However, the true highlight of the CMSPB season comes courtesy of its Young Artist Series. The Grammy Award–winning Harlem Quartet will play a program featuring Jobim’s The Girl from Ipanema and Dizzy Gillespie’s A Night in Tunisia at Rosarian Academy May 7. Committed to advancing diversity in classical music, this up-and-coming quartet has already performed alongside renowned musicians such as Itzhak Perlman and for such dignitaries as President Barak Obama. (561-379-6773)
The Society of the Four Arts
There are ample reasons to visit The Society of the Four Arts, but top among those are its live performances.

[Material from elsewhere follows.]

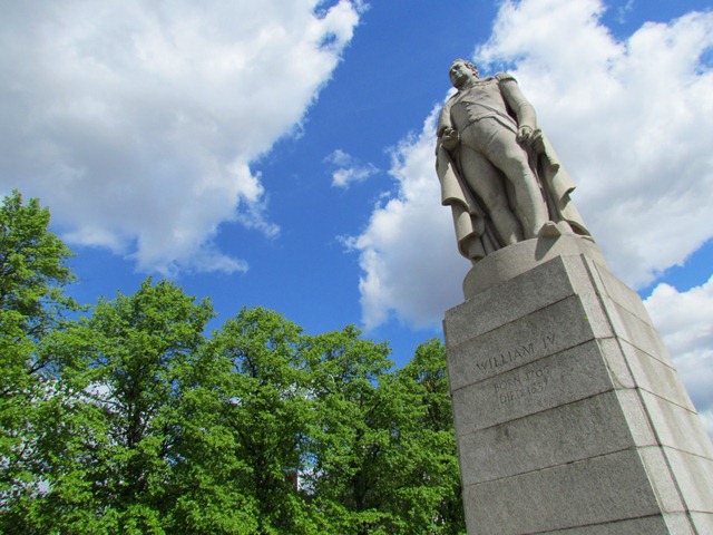 Continue up to the statue of of a man standing on a plinth (King William IV).
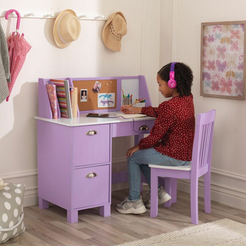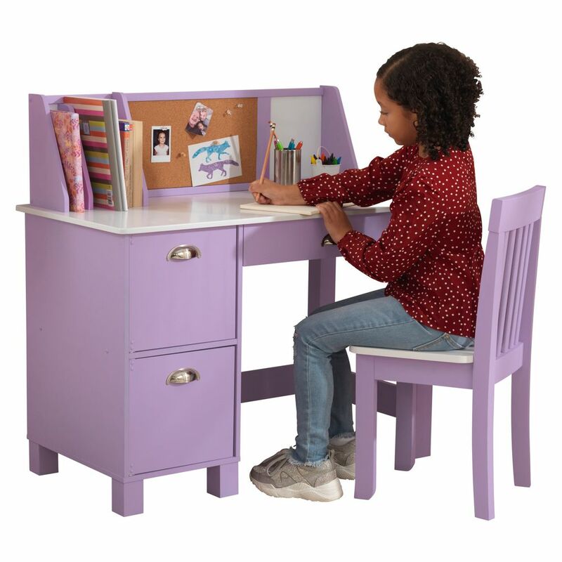 The KidKraft Study Desk with Chair gives young students a perfect workspace for finishing homework, studying or working on craft projects. A bulletin board surface gives them a place to pin pictures, drawings and important notes. Two cabinets and a pencil drawer offer plenty of storage to keep kids organized.

Here are a few of our picks from the Four Arts’ concert lineup. (561-655-7226)
- A Seraphic Fire Christmas, singing carols to celebrate the season, December 13
- Christina and Michelle Naughton, dueling pianos from a spectacular sister duo, January 14
- Cristina Pato, bagpiping never looked so good, January 17
- Lezginka Dance Company of Dagestan, stepping in tune to the sounds of the Caucasus, February 21
- Metropolitan Opera Singers, soaring arias from prodigies of the Met’s Lindemann Young Artist Development Program, March 14
- Russell Moore & IIIrd Tyme Out, strumming bluegrass hits with panache, April 8
The Symphonia Boca Raton
The Symphonia Boca Raton’s Connoisseur Concert Series returns to Roberts Theater at Saint Andrew’s School December 10, starring guest conductor Gerard Schwarz and soloists Julian Schwarz on cello and Jeffrey Kaye on trumpet. Additional concerts are scheduled for January 7, February 18, and March 25, and each event will include a pre-concert conversation with the conductor. (561-376-3848)
Boca Ballet Theatre
After mounting a production of The Nutcracker November 24-26, the Boca Ballet Theatre will stage three more performances in 2018. On March 10, dancers from the New York City Ballet will join Boca Ballet Theatre for an evening of choreographic triumphs like Apollo by George Balanchine. A mixed repertory performance follows April 28-29, as well as the comedic ballet Coppélia August 4-5. (561-995-0709)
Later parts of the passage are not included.